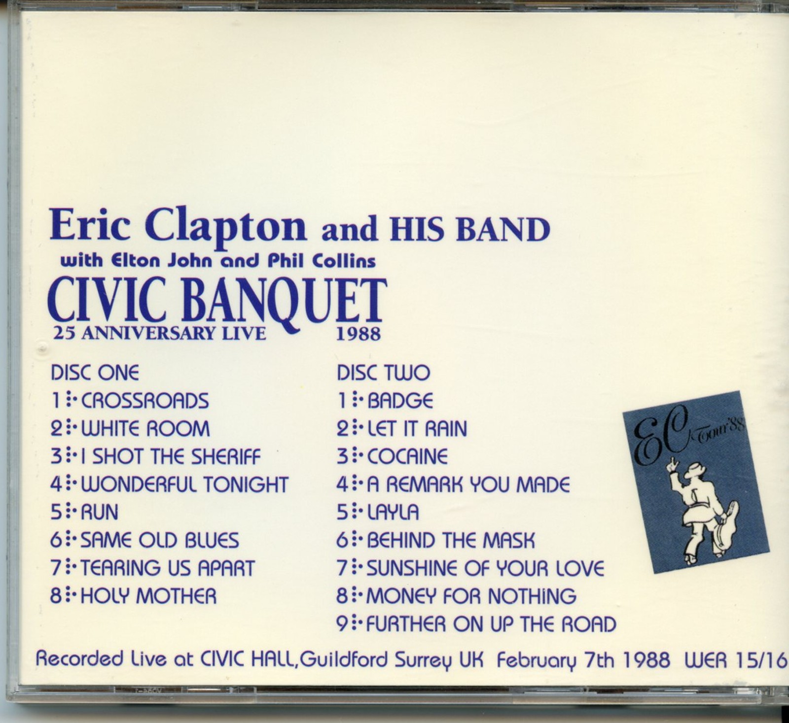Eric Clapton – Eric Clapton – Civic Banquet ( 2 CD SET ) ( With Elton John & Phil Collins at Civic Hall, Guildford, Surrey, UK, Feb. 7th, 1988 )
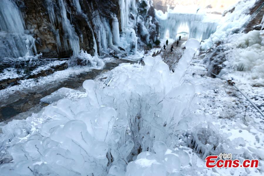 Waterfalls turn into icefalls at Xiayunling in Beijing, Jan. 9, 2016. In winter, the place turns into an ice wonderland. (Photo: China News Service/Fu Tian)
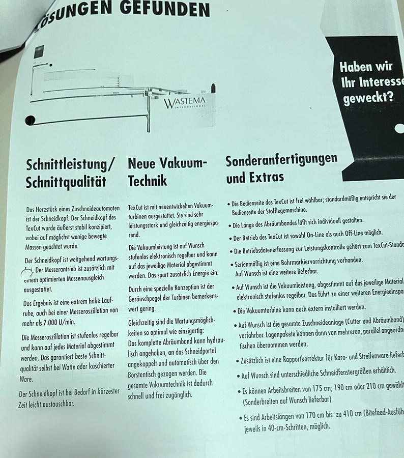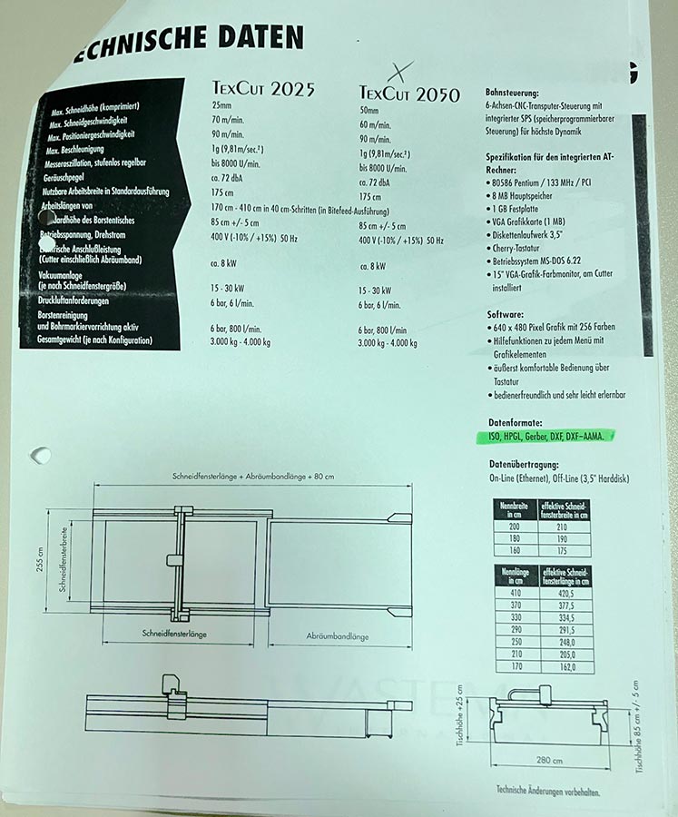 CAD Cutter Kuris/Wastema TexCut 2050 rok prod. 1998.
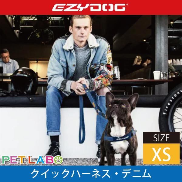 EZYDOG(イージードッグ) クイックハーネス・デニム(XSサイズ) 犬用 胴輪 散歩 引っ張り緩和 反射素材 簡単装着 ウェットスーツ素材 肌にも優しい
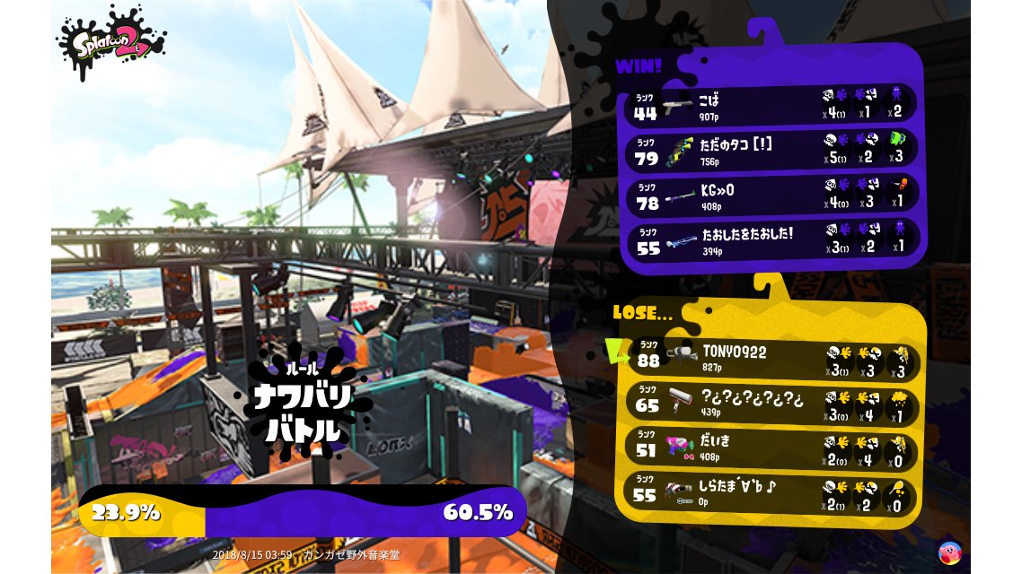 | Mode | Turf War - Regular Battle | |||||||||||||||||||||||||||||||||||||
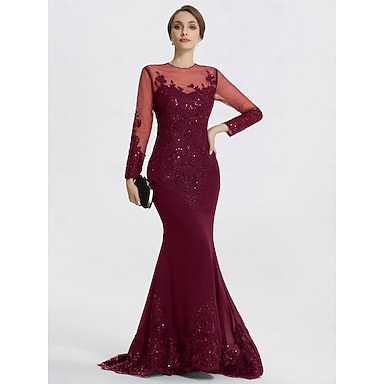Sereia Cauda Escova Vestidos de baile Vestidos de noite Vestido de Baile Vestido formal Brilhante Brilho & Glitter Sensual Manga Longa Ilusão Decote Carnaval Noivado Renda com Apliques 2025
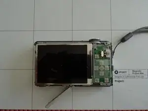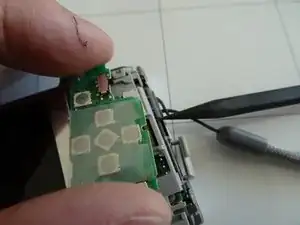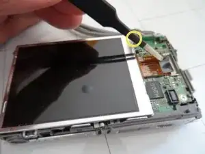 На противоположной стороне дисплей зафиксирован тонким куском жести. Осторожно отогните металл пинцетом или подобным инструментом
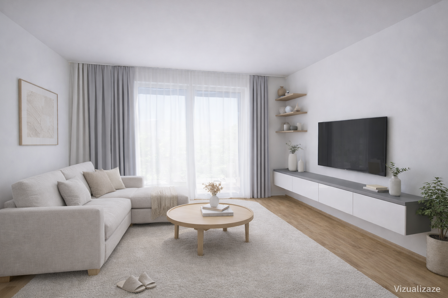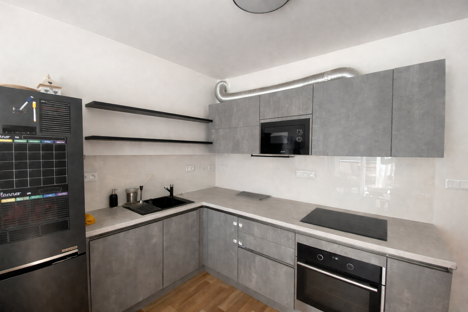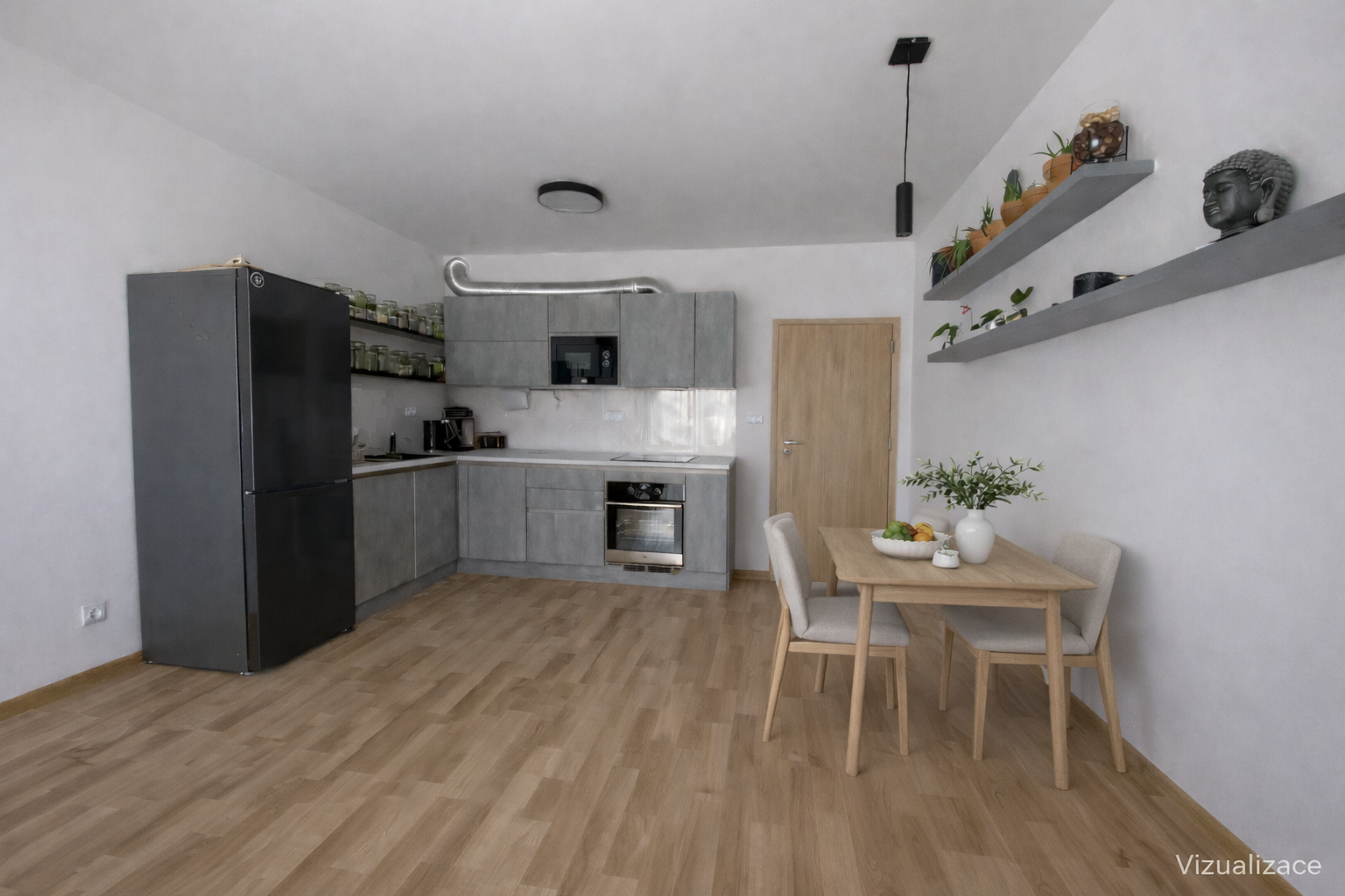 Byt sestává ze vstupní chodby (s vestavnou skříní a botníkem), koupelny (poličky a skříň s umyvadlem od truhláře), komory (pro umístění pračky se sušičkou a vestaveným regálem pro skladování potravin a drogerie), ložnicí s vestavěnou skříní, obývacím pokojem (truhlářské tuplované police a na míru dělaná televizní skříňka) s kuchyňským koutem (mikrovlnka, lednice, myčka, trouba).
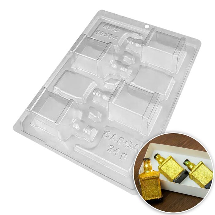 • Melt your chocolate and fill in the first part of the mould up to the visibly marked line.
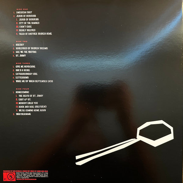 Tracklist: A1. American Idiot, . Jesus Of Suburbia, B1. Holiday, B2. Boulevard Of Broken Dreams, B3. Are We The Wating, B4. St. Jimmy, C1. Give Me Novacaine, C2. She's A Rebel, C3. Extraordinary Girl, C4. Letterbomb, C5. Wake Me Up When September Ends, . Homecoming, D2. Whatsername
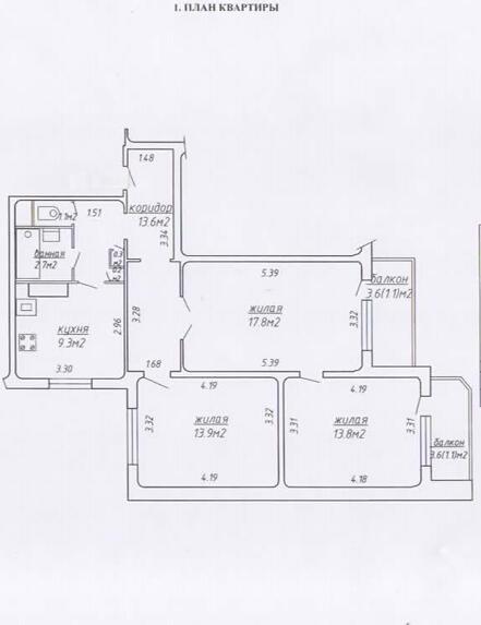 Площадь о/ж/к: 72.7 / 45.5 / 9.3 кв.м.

※

▶ **TO DO**
Write out the lines of the material above exactly, from its first line through the line that contains "Waterfalls turn into", so that no picture appears in the copy.

▶ **RESPONSE TO THIS TASK**
Eric Clapton – Eric Clapton – Civic Banquet ( 2 CD SET ) ( With Elton John & Phil Collins at Civic Hall, Guildford, Surrey, UK, Feb. 7th, 1988 )
 Waterfalls turn into icefalls at Xiayunling in Beijing, Jan. 9, 2016. In winter, the place turns into an ice wonderland. (Photo: China News Service/Fu Tian)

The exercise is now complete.